The whole listing needs to be written out exactly, except for any images.

INFORMATION PROVIDED START

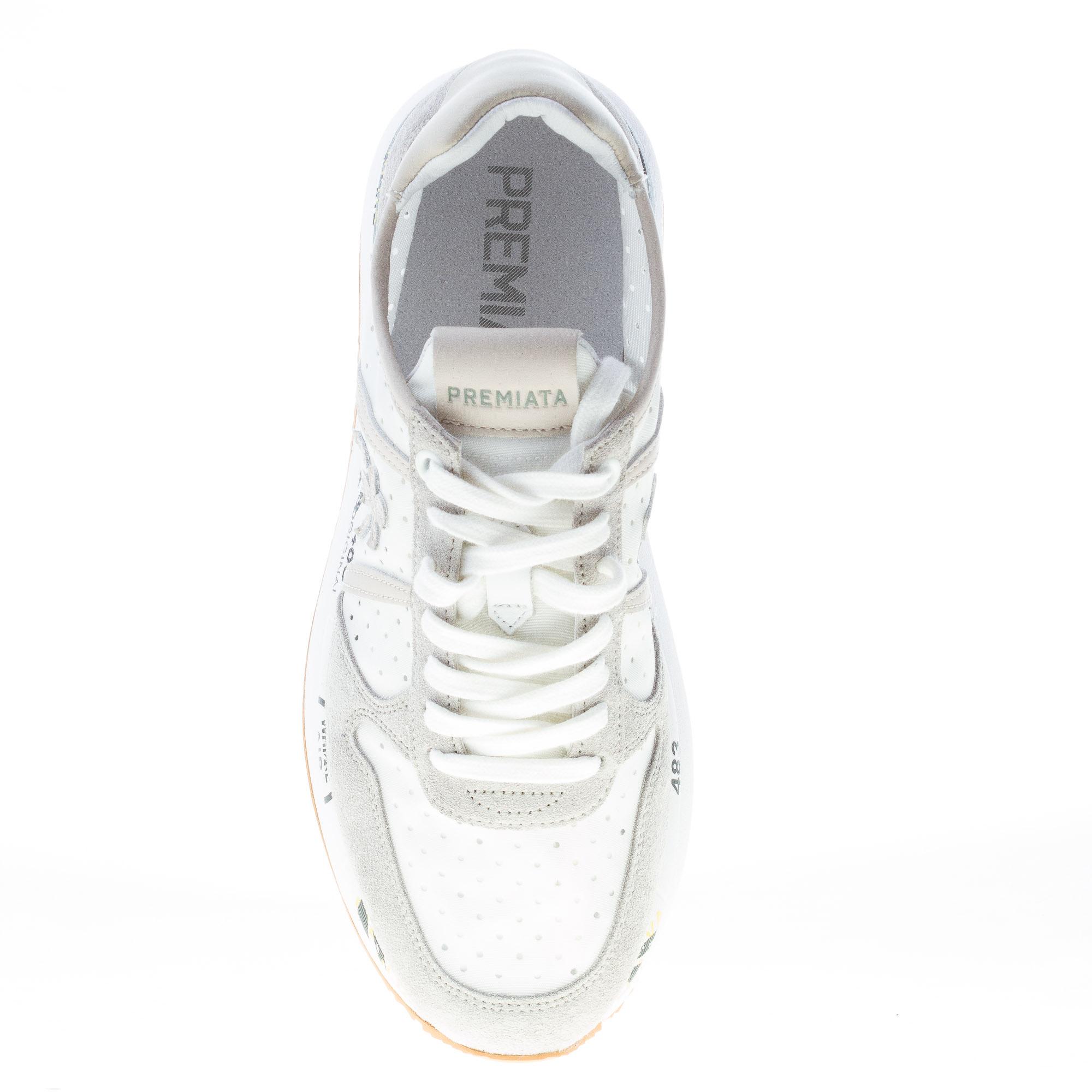 Sneaker Premiata Tris 5737 realizzata in camoscio grigio e tessuto nylon perforato bianco. Dettaglio a contrasto con talloncino in pelle grigia. Soletta estraibile di 1 cm. Suola in gomma rialzata di 3 cm con le tipiche stampe del brand
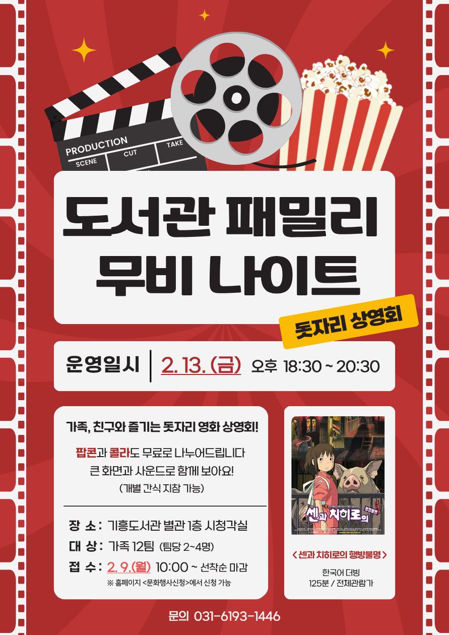 기흥 2월 독서문화 프로그램 「도서관에서 즐기는 패밀리 무비 나이트」
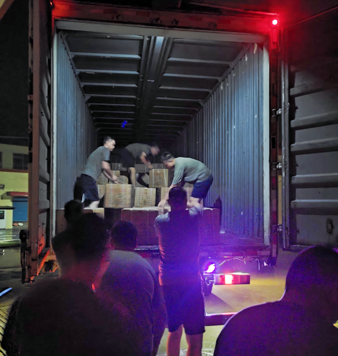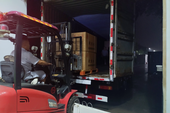 命令如山,華騰化工倉儲管理部共產黨員朱雨、劉寶玉、張月婷立即聯合公司值守人員安全保衛部共產黨員劉兵、隋紅賓緊急集合,冒雨備貨裝車。僅用時4小時就完成全部物資的裝車。

INFORMATION PROVIDED END

### RESULT OF THIS EXERCISE
 Sneaker Premiata Tris 5737 realizzata in camoscio grigio e tessuto nylon perforato bianco. Dettaglio a contrasto con talloncino in pelle grigia. Soletta estraibile di 1 cm. Suola in gomma rialzata di 3 cm con le tipiche stampe del brand
 기흥 2월 독서문화 프로그램 「도서관에서 즐기는 패밀리 무비 나이트」
 命令如山,華騰化工倉儲管理部共產黨員朱雨、劉寶玉、張月婷立即聯合公司值守人員安全保衛部共產黨員劉兵、隋紅賓緊急集合,冒雨備貨裝車。僅用時4小時就完成全部物資的裝車。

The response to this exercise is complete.